Two emojis that would come together as a comment, delivering themselves in a different country as symbols of goodwill, that would make Jack smile. And so he would go on to like her comment.

Which would make Bhavika gasp.

And make her narrow her eyes as she'd see that he'd go on to like every comment made under that post. Even the ones with singular fire emoji.

Bhavika would then find herself sighing multiple times in the day as she spent her time looking through his photographs and reading the comments. Comments that in no way felt like they belonged to someone famous. There'd be friendly banters in them. His comment section was evidently filled with his friends and family members. There were hardly any fans.

But there were trolls.

There are always trolls.

Bhavika would then end up reporting a lot of them as hate speech before she would realise that she's getting way too involved than she would like.
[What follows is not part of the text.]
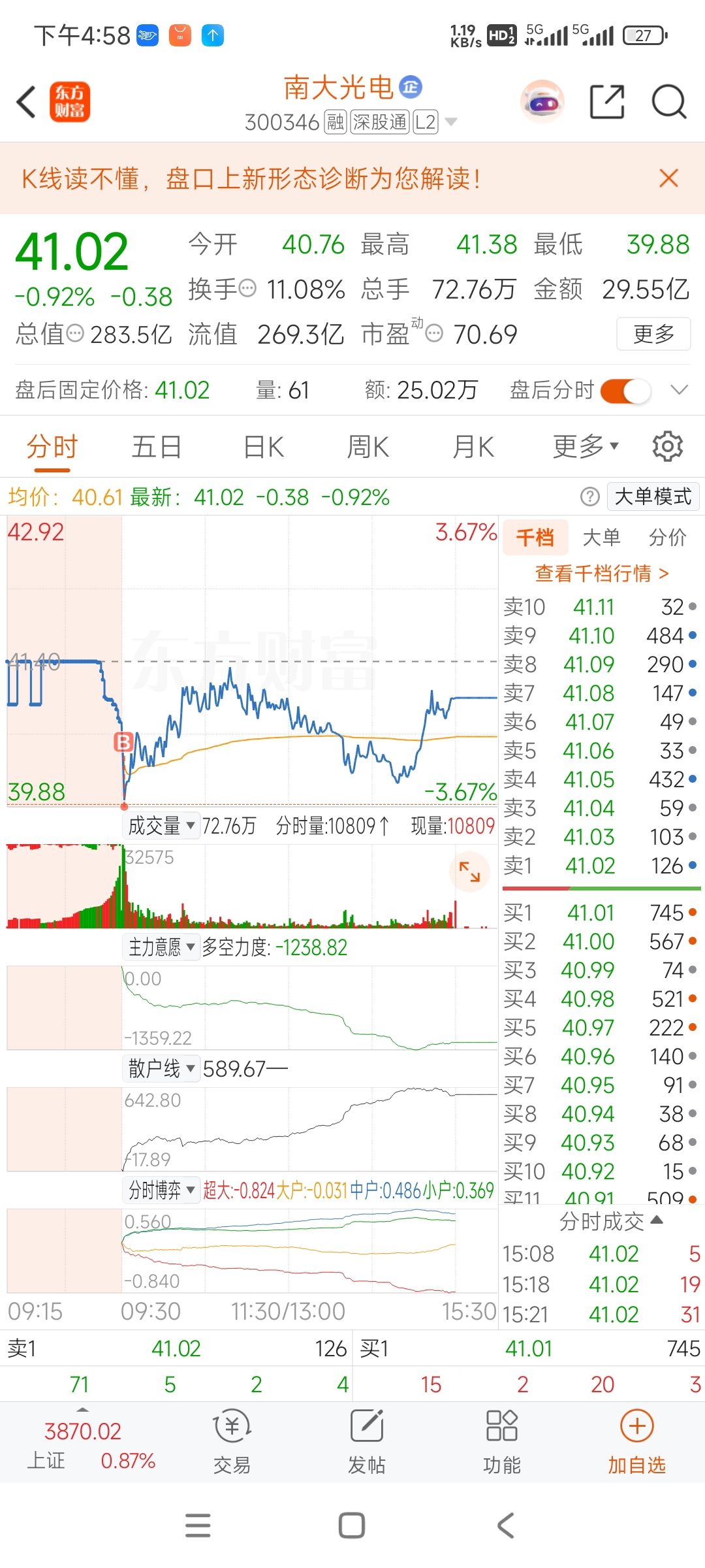 $南大光电(SZ300346)$ 赚不赚钱先不说,我这个价格买入的可以吧,有时候支撑很关键啊

A rational decision of hers would be to lock her phone and go get some snacks. But as raindrops began descending from above, Bhavika remembered Jack's email from a few weeks where he had told herhow rains made him feel lively and bold.

She knew what he meant now. She knew it with every fibre in her being because even though her mind warned her she couldn't stop herself from sliding into his dms.

_bhavika.goradia_
I have a theory. Either you are way too nice. Or your Instagram is handled by your sister. Or your manager who likes all the comments on your behalf.

She had promised herself that she would unsend the message. She would let it sit there for some time so that it could die it's death, peacefully, having exposed her thoughts but not being read.

As she disappeared into her kitchen, wondering when was the last time she had eaten maggi, her phone would receive a response.

A response that'd make her choke on water as she laughed.

jackparsons03
What is it with you and your belief that either I'm a female or I have a female to handle my email and Instagram? 😂

To which she'd smirk as she typed,

_bhavika.goradia_
Precisely this. You trust too easily. You didn't even ask me if I was the same Bhavika from the mailmates.com but trusted my username. Don't tell me you don't have a sister. I'm placing my bet that you've had strong female influence while growing up.🤔

jackparsons03
On the contrary, I'm finding it rather difficult to trust that you deduced that I have a sister just from the interactions we had and not from looking me up on Google. One Google search and you would have found your answer :p

_bhavika.goradia_
Hah. So you do have a sister!! Elder even. Knew it!!🙃

Jack would shake his head, as if trying to shake his smile off his face.

That day, the two of them would drift off to a peaceful sleep.

One, who had been distracted by an Instagram post that had prevented melancholy from embracing her.

And the other, who had received a dm that had made him feel hopeful. Not just about his future in cricket. But hopeul about life.